═════ Provided entries

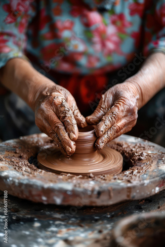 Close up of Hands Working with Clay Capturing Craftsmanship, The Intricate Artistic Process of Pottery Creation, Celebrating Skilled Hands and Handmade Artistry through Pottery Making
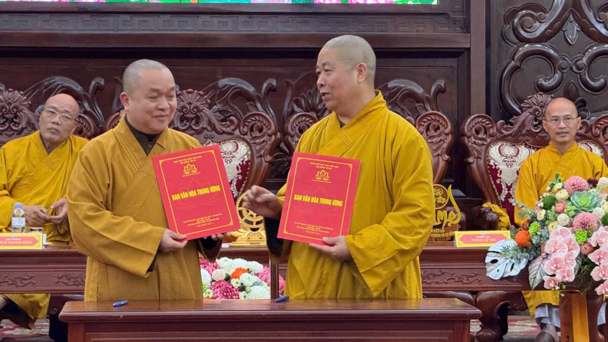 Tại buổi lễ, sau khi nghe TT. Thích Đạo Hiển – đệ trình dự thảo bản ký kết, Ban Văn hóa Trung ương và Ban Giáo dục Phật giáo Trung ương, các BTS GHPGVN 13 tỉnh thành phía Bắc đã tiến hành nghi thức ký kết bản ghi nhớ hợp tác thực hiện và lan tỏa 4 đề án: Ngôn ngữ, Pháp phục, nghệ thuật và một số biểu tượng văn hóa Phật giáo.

══════════
═════ Provided entries

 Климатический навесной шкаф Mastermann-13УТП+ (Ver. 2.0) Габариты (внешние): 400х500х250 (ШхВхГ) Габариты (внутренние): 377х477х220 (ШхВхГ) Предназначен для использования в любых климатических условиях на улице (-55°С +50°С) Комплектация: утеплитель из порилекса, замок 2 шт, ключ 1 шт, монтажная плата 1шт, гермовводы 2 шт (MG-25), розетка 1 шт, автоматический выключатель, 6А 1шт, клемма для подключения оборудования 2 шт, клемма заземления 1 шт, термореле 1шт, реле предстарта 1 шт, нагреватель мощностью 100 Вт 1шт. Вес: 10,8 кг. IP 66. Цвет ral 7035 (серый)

══════════
═════ Provided entries

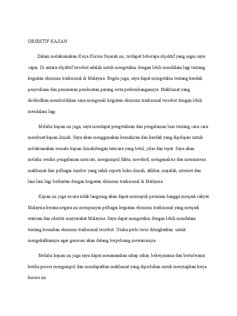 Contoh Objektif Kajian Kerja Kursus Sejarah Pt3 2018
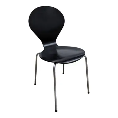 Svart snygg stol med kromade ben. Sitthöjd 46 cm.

══════════

● **Problem details**
Starting with the line above that holds "Contoh Objektif Kajian", restate each line word for word up to and including the line that holds "Svart snygg stol". Drop the pictures.

● **Your response**
 Contoh Objektif Kajian Kerja Kursus Sejarah Pt3 2018
 Svart snygg stol med kromade ben. Sitthöjd 46 cm.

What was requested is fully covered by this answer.